I’ve been looking to sell my car and struggled to decide on a fair selling price. I decided to scrape some data from Autotrader and analyse the prices of similarly spec’d cars to build a valuation model. The project quite successful with good agreement between the model’s price estimate, and existing online valuation tools.

Summary

  • Wrote a web scraper to extract 1000 adverts for Audi A6’s.
  • Engineered 11 features including age, mileage, fsh, quattro, engine size etc.
  • My tuned Support Vector Regression model achieved R^2=0.97 and MAE=£961.
  • The features which influenced pricing most were Age and Mileage.
  • The model valued my car at £9,838. Which is within £200 of Autotrader’s own “recommended selling price”.

Libraries: Pandas, NumPy, Requests, BeautifulSoup4, Matplotlib, Seaborn Scikit-learn,

Notebook Github repo

Data exploration

In terms of numerical features, both age and mileage were very strongly correlated with the target variable price. These were the only 2 numerical parameters used in my analysis, everything else was engineered or binned into categorical features.

corrmat.png

I used regex to extract categorical featurrs from the advert text etc.

Some sellers choose to highlight when a car has full service history (or FSH). Note: I did not search text within each advert’s detail page, only the search page summary, so this feature was only true when the seller chose to highlight the service history in the attention grabber text.

Generally we’d expect this be appealing to buyers and increase the value… however adverts with FSH mentioned turned out to be typically lower value than the ones which didn’t mention it which was surprising…

service history

…On closer inspection fsh only tended to be mentioned on older cars. So filtering the data down to those over 10 years old showed that the presence of “fsh” in the advert did tend to correlate with higher prices, but only on older cars.

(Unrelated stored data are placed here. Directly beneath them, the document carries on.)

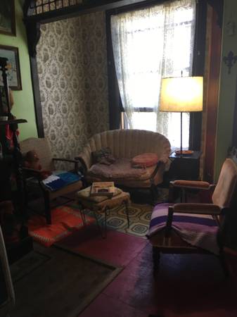 It is a large 1890's Victorian, currently undergoing renovation and restoration, so some areas are “rough around the edges” as it’s a work in progress. It has beautiful original details and my partner and I have been working on it for over four years now. It has a large dining room, kitchen, bedroom (mine), half bath and foyer area on the first floor, and a library, 2 bedrooms and a bathroom on the second floor. All rooms are fully furnished with vintage furniture, artwork and other quirky touches. The house is perched on a hill and in the wintertime there is a dramatic view of the valley and the Mohawk river. There is also a big backyard with a fire ring. You will have access to the whole house with the exception of my bedroom and my studio (which is one of the second floor bedrooms) and the library. I have another renter who occupies the other bedroom. However it is a big house so there is plenty of space for everyone! The bedroom for rent is quite spacious and furnished with a large bed, nightstand, dresser, desk and an armoire for hanging clothes and a mini fridge. Please see pictures.
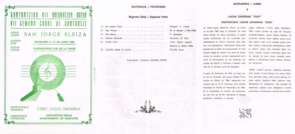 Concierto 1: VII Semana Coral de Santurtzi 09/06/198609/01/2023 por Joseba Torre, posted in Conciertos
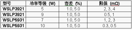 WSLP3921電阻的尺寸為0.394英寸 x 0.205英寸(10.0mm x 5.2mm),最大高度為0.020英寸(0.5mm),WSLP5931的尺寸為0.591英寸 x 0.305英寸(15.0mm x 7.75mm),高度為0.020英寸(0.5mm)。專利的加工工藝使電阻具有0.0003Ω~0.004Ω的極低阻值,以及1.0%和5.0%的嚴(yán)格容差。
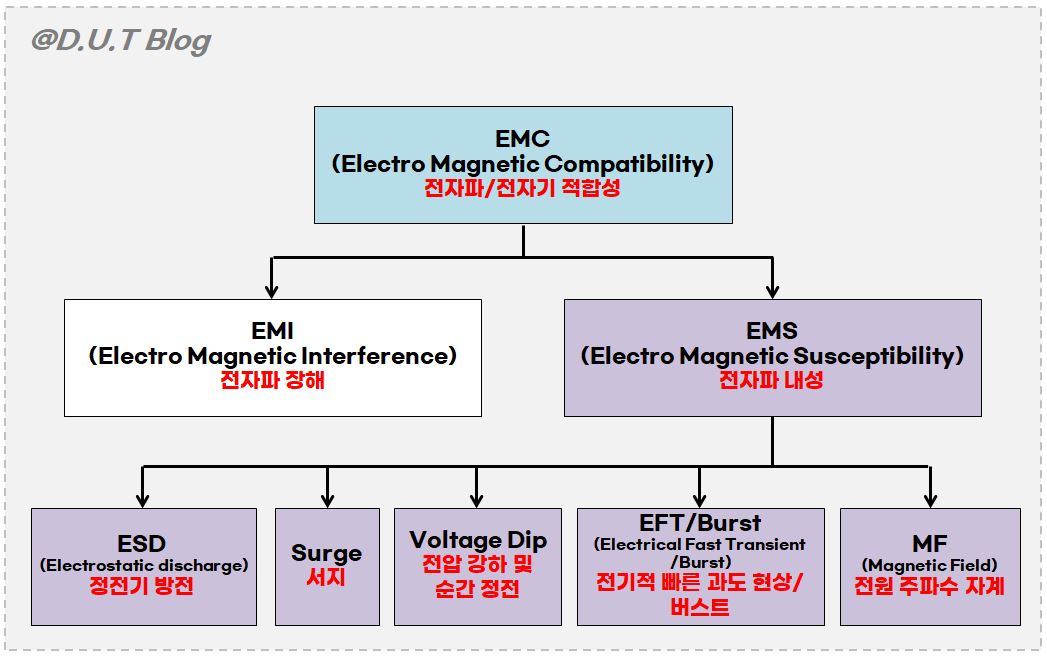 추가적으로 앞에 EMS(Electro Magnetic Susceptibility) 전자파 내성 시험에서 제외한 시험들도 그림에 포함시켜봤습니다 ESD 내성 시험, Burst 내성 시험, Surge 내성 시험, MF 내성 시험, Dip 내성 시험입니다.
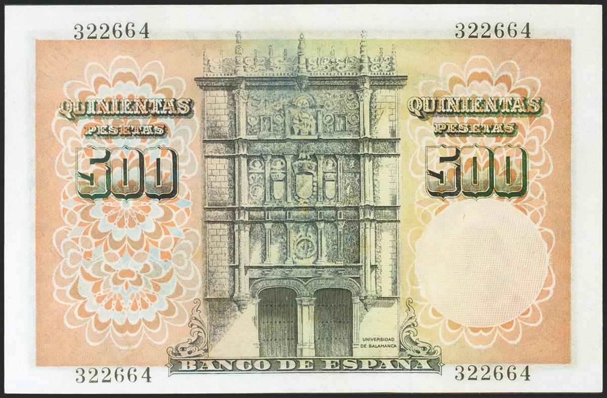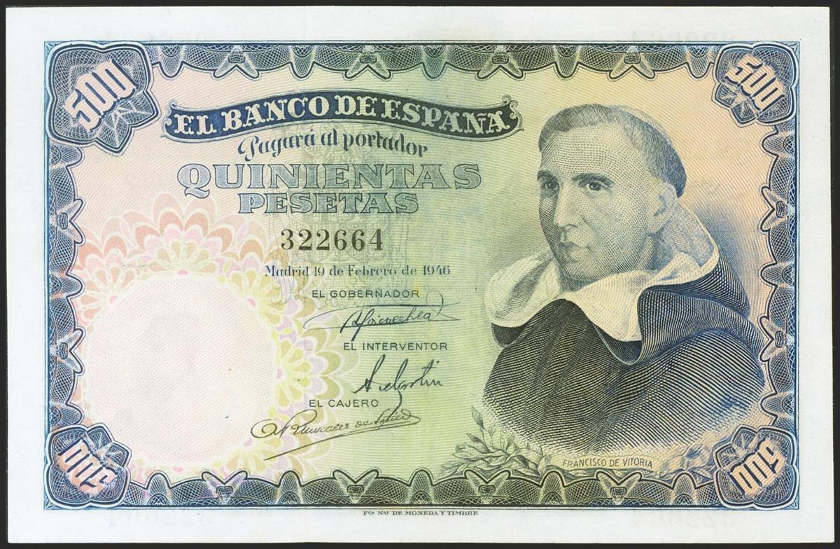 500 pesetas. February 19, 1946. Without series. (Edifil 2021: 452). Rare, especially preserving all its original size, invisible ripple only perceptible with incident light. Good Extremely Fine. (the bill was taken from its 55-rated PMG capsule)
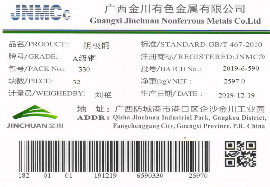 11月11日,上海期貨交易所(下稱上期所)子公司上海國(guó)際能源交易中心(下稱上期能源)發(fā)布了國(guó)際銅期貨合約及相關(guān)規(guī)則,根據(jù)《上海國(guó)際能源交易中心交割細(xì)則》《上海國(guó)際能源交易中心陰極銅期貨合約》和《國(guó)際銅交割商品注冊(cè)管理規(guī)定》等有關(guān)規(guī)定,金川銅【品牌:JNMC-A級(jí)銅(傳統(tǒng)電解),規(guī)格:1030*1000*15】和廣西銅【品牌:JNMC(防城港/永久陰極-K)A級(jí)銅(永久陰極-K),規(guī)格:1030*1010*10】成為首批國(guó)際銅期貨可交割品牌,更好的增加了金川集團(tuán)銅產(chǎn)品的貿(mào)易渠道及轉(zhuǎn)口業(yè)務(wù)、進(jìn)口業(yè)務(wù)的便利性和安全性。
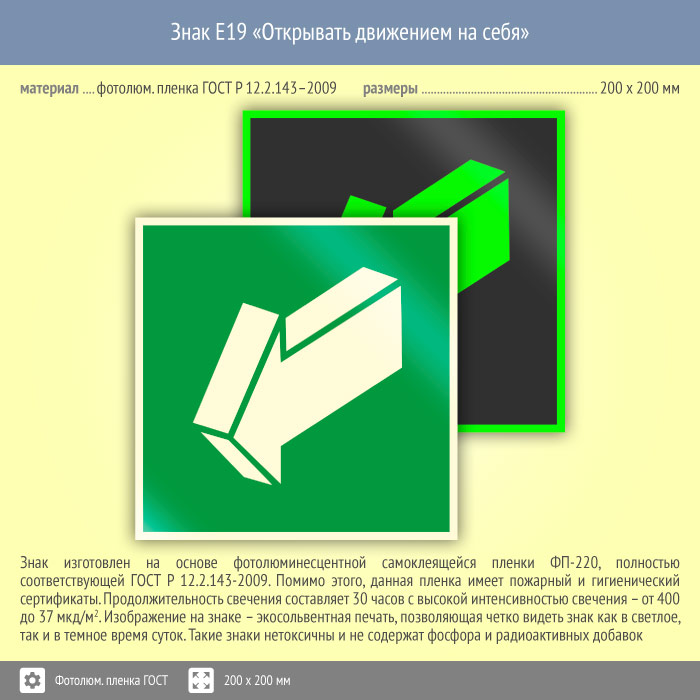 Знак E19 «Открывать движением на себя» на фотолюминесцентной пленке по ГОСТ 34428-2018, размером 200х200 мм указывает направление движения – на себя во время эвакуации. Эвакуационные знаки безопасности изготовлены согласно ГОСТ Р 12.4.026-2015 и предназначены для обозначения направления движения и выходов при эвакуации

service history filtered to 10 years+ age

Model revision was calculated by binning the registration dates according to some dates from Wikipedia. This is therefore just a low fidelity abstraction of the age feature, but I thought it was valuable to include so the model could pick up any “step” in pricing between consecutive model revisions. There wasn’t much overlap in pricing between these categories (except in the much older model revisions) which made sense.

model revision (note to self)…should insert scatter plot coloured according to model_rev classes

Privately sold cars were generally lower value than from trade sellers… however privately sold cars were also typically older and higher mileage than from trade sellers. So there’s some feature interactions behind this which aren’t apparent from just looking at this one feature. 2nd row of plots provided below to show the distribution of age/mileage whether “private” or “trade” seller.

private vs trade private vs trade 2

Adverts which mentioned “quattro” were slightly higher value. Quattro is a feature that has been available on most modelyears of Audi A6, so this should apply across all ages of car.

quattro feature

Modelling results

I trained the following “Simple” regression models using only 2 input features (age, mileage) with default hyperparams:

  • Linear Regression
  • Elastic-Net tried with L1 and L2 regularisation
  • K-nearest neighbours (KNN)
  • Suport Vector Machine (SVM)
  • Decision Tree (Tree)
  • Random Forest (Forest)

Almost all models provided reasonable r^2 and Mean Absolute Error (MAE) scores with default hyperparameters, except the SVR model which only produced acceptable results after gridsearch tuning of hyperparams. Without further tuning any of the other “simple” models, SVR was the model with lowest errors MAE=1623 and MSE=4.5e6, and highest r^2 score of 0.91.

I then trained a “Complex” variant of each model, including all the generated input features (age, mileage, engine_size, seller_private_tradd, model_rev, is_fsh, is_tdi, is_quattro, is_black_edition, is_ultra, is_s_line)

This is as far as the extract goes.